A Capability Maturity Model for Research Data Management

5.2 Ability to Perform

Last modified by Arden Kirkland on 2014/06/06 13:02

5.2 Ability to Perform

Ability to Perform describes the preconditions that must exist in the project or organization to implement the process competently. Ability to Perform typically involves resources, organizational structures, and training.

For data repository and presentation services, Ability to Perform includes enabling technologies, procedures, and business models that will sustain the services. 

5.2.1 Appraise and select enabling technologies

Projects need to select the hardware and software technology platforms on which they will store their data. The selection process should be started early in the project to allow time to collect and evaluate information on available options, such as system documentation or experiences from other users. Larger projects may want to pilot several alternatives before making a choice.
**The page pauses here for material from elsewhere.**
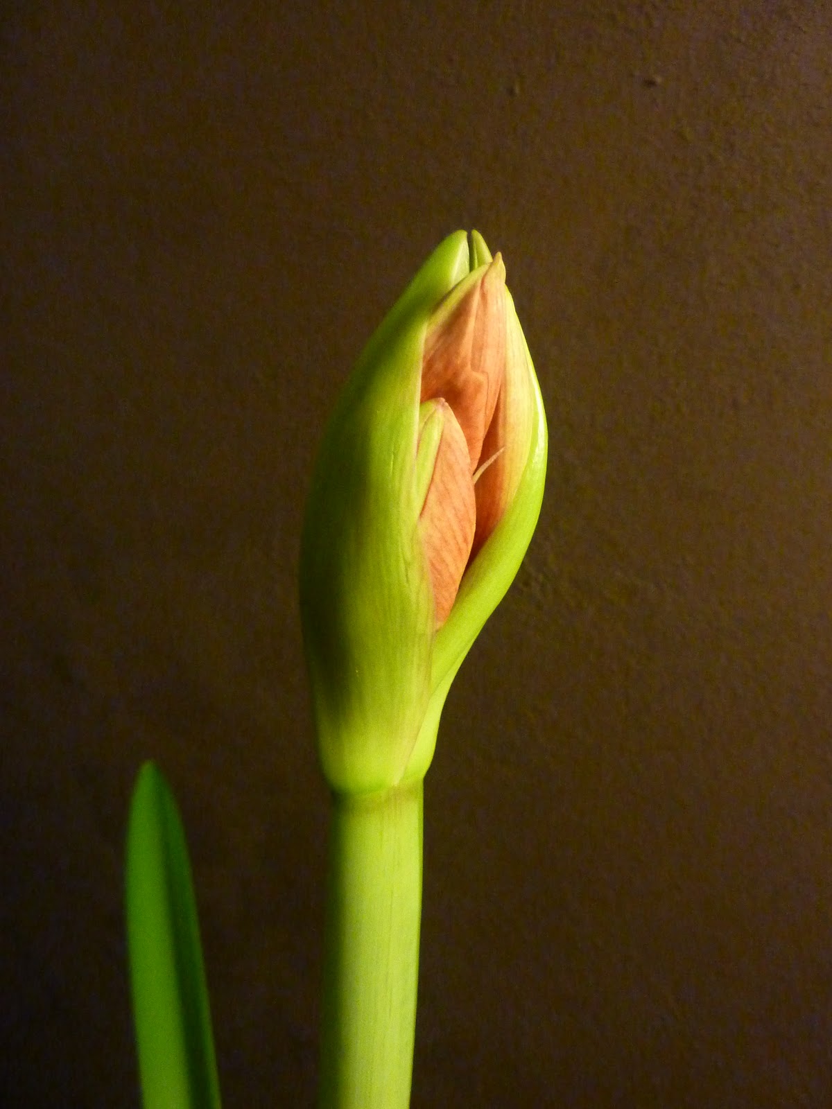 Deux pauvres feuilles, une hampe de 70 centimètres, surmontée d'un minuscule bourgeon... Waouh... Ça claque, non...?

Relevant system features include functionality, in particular, support for multimedia data (DataONE, 2011f), fit to project needs (e.g., capabilities compared to the expected volume of data and number of users), ease of use, and support. Relevant hardware features include capacity, reliability and expected lifetime (e.g., for hard drives) (DataONE, 2011d).
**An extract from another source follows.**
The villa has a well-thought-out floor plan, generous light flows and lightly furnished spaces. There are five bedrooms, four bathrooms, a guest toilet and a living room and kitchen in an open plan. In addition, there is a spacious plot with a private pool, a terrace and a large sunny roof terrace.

Projects may develop their own data archives in addition to working stores for data being actively used. Rather than archiving data themselves, projects may decide to deposit data in an existing repository. Again, the process of selecting a repository should start early to provide enough time to identify and evaluate alternatives. As well, repositories may have particular requirements that will shape the project's data management plan (DataONE, 2011e). A further possibility for data preservation is joining a digital preservation network, that is, collaborating with other institutions or projects to cooperatively archive data (e.g., the Digital Preservation Network, http://dpn.org/, or Chronopolis, http://chronopolis.sdsc.edu).

5.2.2 Develop business models for preservation

Preserving data has costs that will extend long past the end of the projects that generate the data. It is therefore critical to develop business models for funding the ongoing preservation of data to ensure the long-term preservation of archived data.
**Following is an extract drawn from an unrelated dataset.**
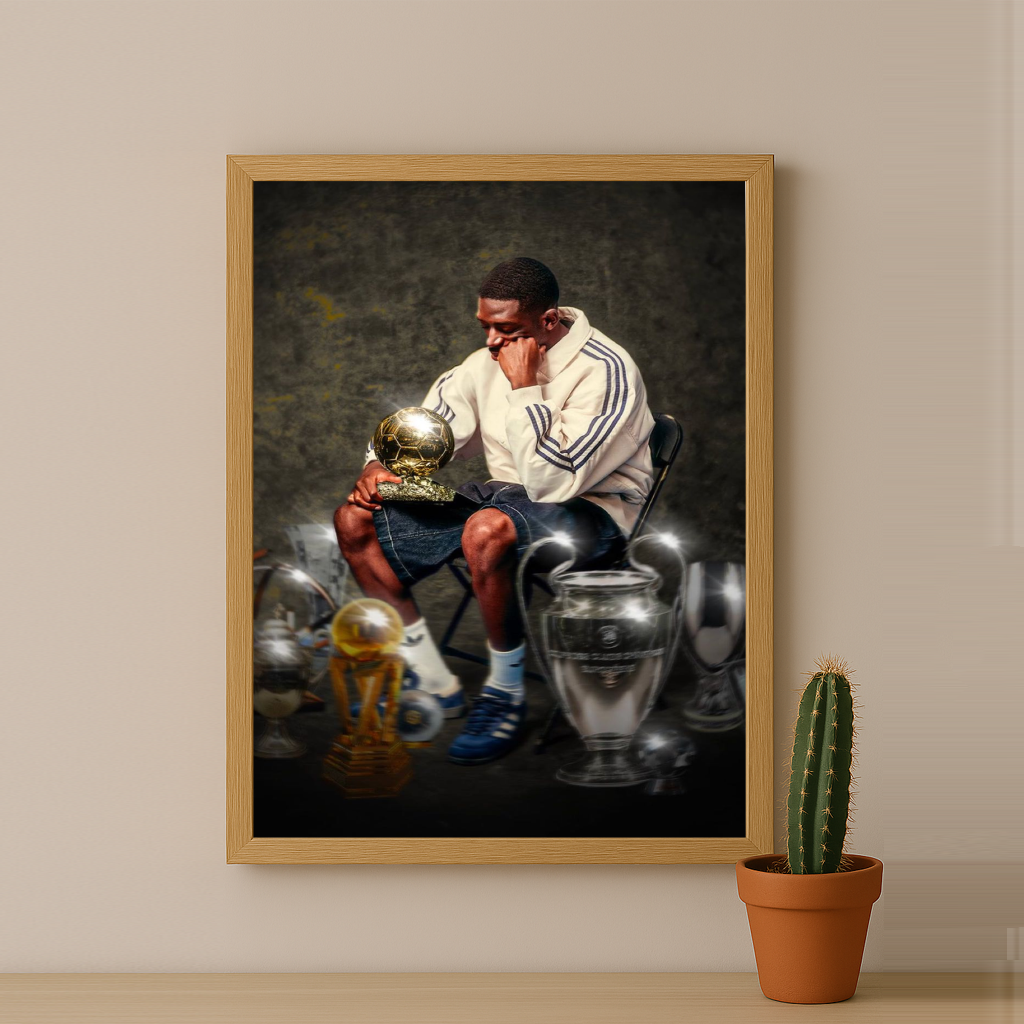 Mettez en avant votre star préférée avec ce cadre photo Ousmane Dembélé Ballon d'Or ! Un accessoire fun et élégant pour immortaliser vos souvenirs footballistiques. Parfait pour personnaliser votre déco avec une touche sportive et pleine d’énergie. Offrez un cadre aussi dynamique que le champion lui-même !

Current data repositories are either funded by grants or self-supported. Funding agencies such as NSF and NIH have awarded a good number of grants to support the initiation of major data repositories (DataOne, Dataverse, GenBank, to name a few) and the long-term preservation for some of these data repositories. Business models used in the self-supported category include a wide variety of options: individual and institutional memberships,  subscriptions, pay-per-submission, and voucher plans (Dryad, 2014). Generally, large reference collections of data (note 1), e.g., Genbank (http://www.ncbi.nlm.nih.gov/genbank/), the Knowledge Network for Biocomplexity (KNB) (https://knb.ecoinformatics.org/), and BioProject (http://www.ncbi.nlm.nih.gov/bioproject), are mostly supported by continued funding from the government, while resource collections of data (note 2), that are usually created by a disciplinary community for a refined scope, tend to have initial funding from the government but are increasingly required to become self-supported. The Dryad data repository so far has had a successful record in the self-supporting category.

It is the self-supported model that makes it ever more important to plan early and know what options there are to choose from. In the case of using self-supported data repositories, institutions or projects that decided to use the services can compare the cost between building an in-house repository and subscribing to data repository services. Costs to be covered include maintenance and operation of the hardware and institution infrastructure and necessary migration to new data formats and platforms.

5.2.3 Develop backup procedures and training

Projects should develop clear backup procedures. Documented procedures are necessary to ensure that data are backed up according to policy and that procedures to recover from problems are established and widely known (DataONE, 2011c). Procedures should identify all data that are to be backed up. They should set a clear schedule for making backups that is tailored to the data collection process (DataONE, 2011a). Streaming data should be backed up at regularly scheduled points in the collection process (DataONE, 2011a).

Procedures should identify who is responsible for creating the backups, including alternatives in case one person is unavailable (DataONE, 2011b). Backups may be automated, in which case someone should be responsible for regularly checking that they are being made. There may be different backup procedures for different data sets (DataONE, 2011c). Multiple versions of backups should be kept, e.g., to be able to recover from file damage that is not detected immediately.

The procedures should ensure that data backups are subject to the same protections as the original data (e.g., that confidential data are protected).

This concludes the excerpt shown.